Why do people stand up straight to sing (& what does straight mean anyway???!)

I remember when I first decided I wanted a better singing voice (a long time ago in almost anyone’s books) I was vexed by the question of how to stand up straight and indeed whether I should even bother.

This question continued to baffle me through many years of yoga practise and training to be a teacher.

Singers are not the only people who have to deal with this issue it seems!

In this article I’d like to explain why there is this obsession with standing up straight, explain why it’s really not that simple, and finally give you some pointers about how to get creative with your posture rather than just feeling like you’re hopeless for slouching all the time!

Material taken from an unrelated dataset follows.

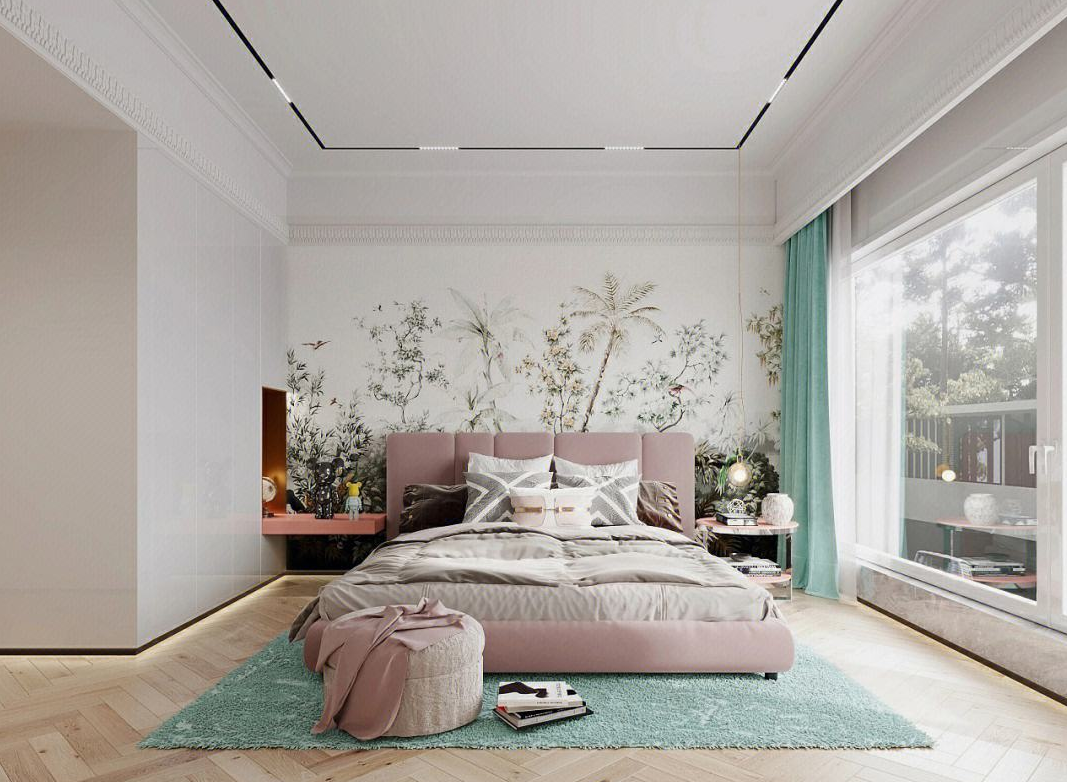 洛可可風(fēng)格的總體特征是輕盈、華麗、精致、細(xì)膩。室內(nèi)裝飾造型高聳纖細(xì),不對稱,頻繁地使用形態(tài)方向多變的如“C”“S”或渦券形曲線、弧線,并常用大鏡面作裝飾,大量運(yùn)用花環(huán)、花束、弓箭及貝殼圖案紋樣。善用金色和象牙白,色彩明快、柔和、清淡卻豪華富麗。室內(nèi)裝修造型優(yōu)雅,制作工藝、結(jié)構(gòu)、線條具有婉轉(zhuǎn)、柔和等特征,以創(chuàng)造輕松、明朗、親切的空間環(huán)境。

Firstly: Why do we stand up straight to sing? Well we don’t necessarily – however to the extent that we do, the answer is different in the context of different parts of your body.

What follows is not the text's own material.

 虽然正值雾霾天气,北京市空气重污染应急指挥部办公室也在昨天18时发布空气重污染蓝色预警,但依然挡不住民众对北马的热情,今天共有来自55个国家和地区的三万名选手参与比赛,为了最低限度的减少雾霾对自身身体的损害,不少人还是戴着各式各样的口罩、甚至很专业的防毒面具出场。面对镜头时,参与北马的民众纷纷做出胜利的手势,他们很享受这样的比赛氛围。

From the point of view of your abdomen and chest, if you collapse forward in a slouch you’re simply going to have less room to fill your lungs and hence run out of breath sooner. You will also have less muscle wall poised and relaxed and primed to squeeze air out. A load of that muscle wall will already be scrunched together and therefore have no power to contract.

From the point of view of your neck and throat, your vocal cords are pretty good at taking air in straight through them in one direction… …not so good at taking it in at an angle or even around a corner. Also they have to vibrate to make a noise right? Well you need space for that vibration to happen, scrunching up in a slouch removes that space.

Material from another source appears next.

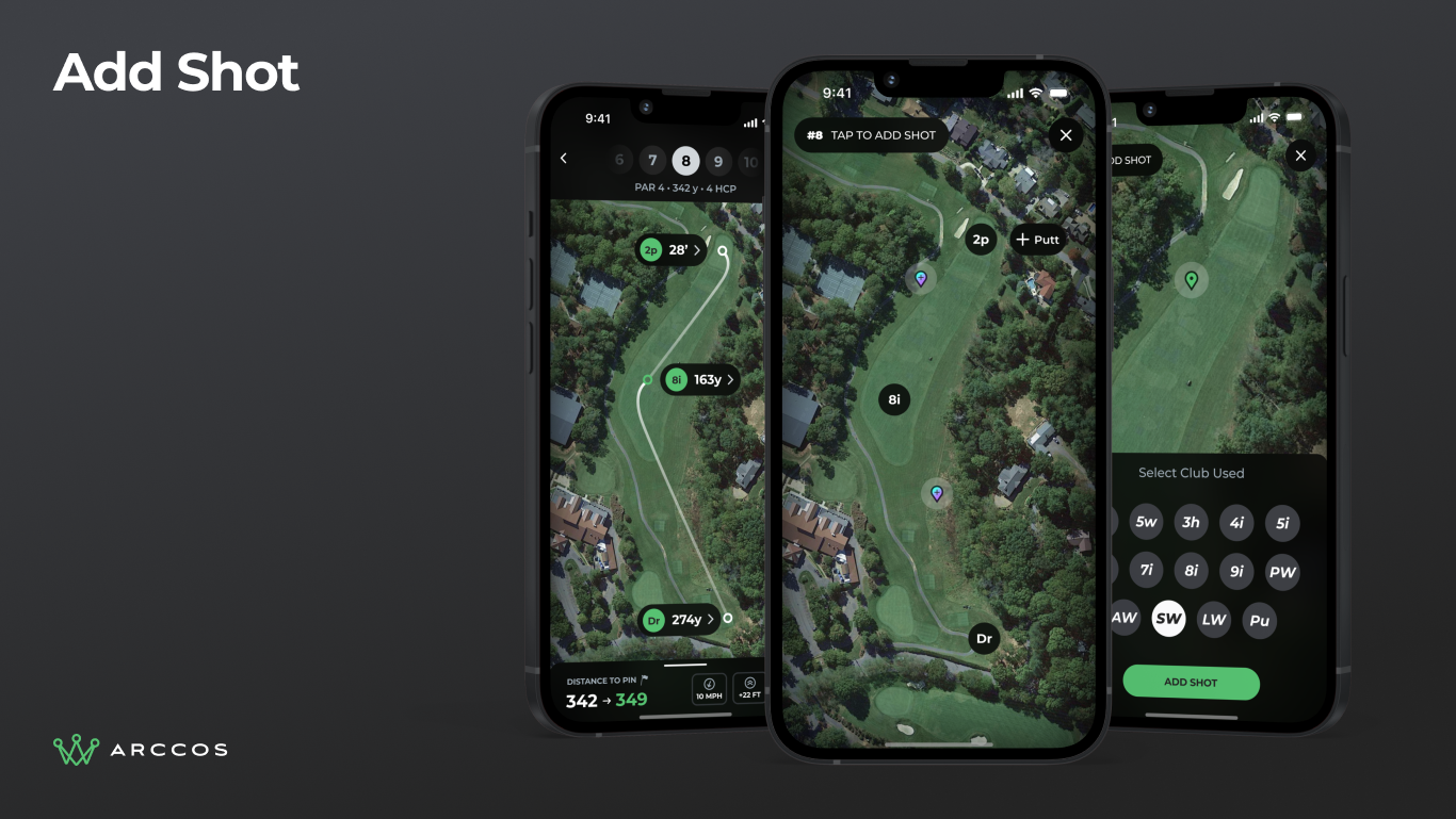 Add shot flow showing TAP TO PLACE SHOT header with the action surfaced at the top level, no menus required.

Your head is the most interesting bit… If your head is on top of where your weight goes through your feet in the ground then it’ll be pretty easy to balance the rest of you. Your head is very heavy and has the most leverage on your body since it’s at the top. If you tilt forward or back a bit then your whole body will have to constantly grip a ton of muscles simply to stop you overbalancing!

Bad news if you want less gripping in your torso and neck as described above.

So right now I bet you’re thinking ‘oh hell I always slouch and I can’t do sh**t about it!!’. For everyone in that bracket – here’s your get out clause: If you have to chronically tense a ton of muscles to achieve a straight alignment, then you’re going to re-create all the same scrunching and gripping problems that you were creating before in your slouch!

In other words standing up straight can actually make your problems worse ie give you less breath, less breath control, less space for your vocal cords to vibrate etc…

The point is if you hadn’t spend have your life staring at phones/tvs or hunched over computer screens etc you’d probably have no problem effortlessly standing up straight as a bolt! But life doesn’t give you that luxury and besides you probably enjoyed a load of the stuff you did while ruining your posture and that counts too right? 🙂

What you’re looking for is the position of minimum tension.

You need to get creative in asking and answering the question of ‘how can I hold myself up whilst using as little muscular effort as possible in the process?’

The better you get at answering this question… …the straighter you will stand up! In general anyhow.

However, each step forward may be different and some may involve slouching a bit more in some way while others may involve straightening up.

Let me give you a few of the parameters you should be looking at. It’s surprisingly straightforward really when you get into the details.

For example if you’re running out of breath then it’s probably going to be something in your torso that needs to change to make more space.

On the other hand if you’re feeling strain in your vocal cords then it’s your angle of your neck and the position of your head that’s gonig to be more important.

But also remember that the moment you make a change in one point of your body, you’ll create knock on changes elsewhere. ie a change in the position in your head will create changes in your lower back.

All this becomes exponentially more complicated when you have a musical instrument involved, or a mic in front of you… or maybe you’re sitting down sometimes and standing at other points…

Many singers do a great job of expressing their souls beautifully and sustainably through terrible posture (outwardly at any rate).

The bottom line is we all start from where we are. As long as you treat what you have with sensitivity and creativity you can move forward in developing expression through your voice and truly the sky’s the limit!